顾崇州看着儿子一副无精打采、对拍卖毫无兴趣的样子,忍不住打趣道:“怎么?今天这么安静?不像你啊。上次带你来这种场合,你可是从头吐槽到尾,说什么花这冤枉钱拍卖不如拿去泡妞实在。现在……想法变了?”
顾惜闻言,懒洋洋地往椅背上一靠,手一摊,露出了点从前混不吝的影子,“爸,您想多了。我承认,我现在对女人是没以前那么狂热了,但——”他拖长了语调,带着点熟悉的嘲讽,“我依然觉得,花大价钱拍这些华而不实的东西,是件挺傻逼的事儿。”
顾崇州听了,非但没有生气,反而哈哈笑了起来,拍了拍他的肩膀:“嘿!对嘛!这才是老子熟悉的儿子!你前阵子那么‘正常’,那么‘努力’,我还以为我儿子被哪个三好学生给夺舍了呢!”
顾惜扯了扯嘴角,没反驳。他知道父亲是在开玩笑,但这话却触动了他。
或许在所有人眼里,包括他自己有时候都这么觉得,那个“正常”的、努力的顾惜,反而像是个戴着面具的假人。
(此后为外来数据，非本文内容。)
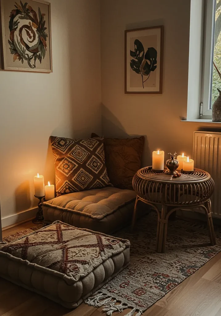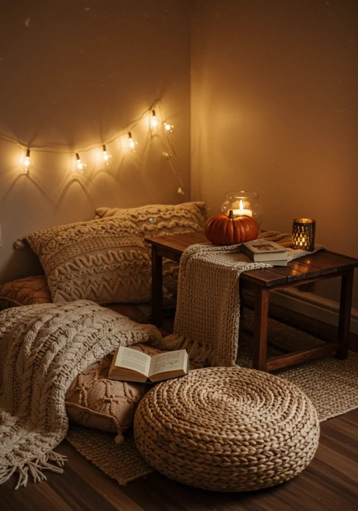 This intimate corner feels like a peaceful hideaway. The floor cushions, patterned textiles, and glowing candles create an irresistibly cozy spot to unwind. The warm earthy tones and soft lighting make it the definition of autumn comfort.

而此刻这个会吐槽、会觉得拍卖傻逼的他,才更接近真实的、或者说经历了一切后沉淀下来的自己。
顾惜的目光不受控制地,悄悄投向斜前方。
几轮或寻常或激烈的竞拍过后,拍卖师终于请出了那顶备受瞩目的复古皇冠。
铂金底座,镶嵌着无数细钻,中间簇拥着一颗深邃如海洋的蓝宝石,在展示台的灯光下流转着奢华的光彩。
就在众人以为这显然是女性饰品,竞拍主力将是各位名媛富太时,一个令人意想不到的号码牌举了起来。
他姿态慵懒地靠在椅背上,举牌的动作却带着点挑衅的意味。
更让人惊讶的是,几乎是紧随其后,另一个号码牌也沉稳地举起。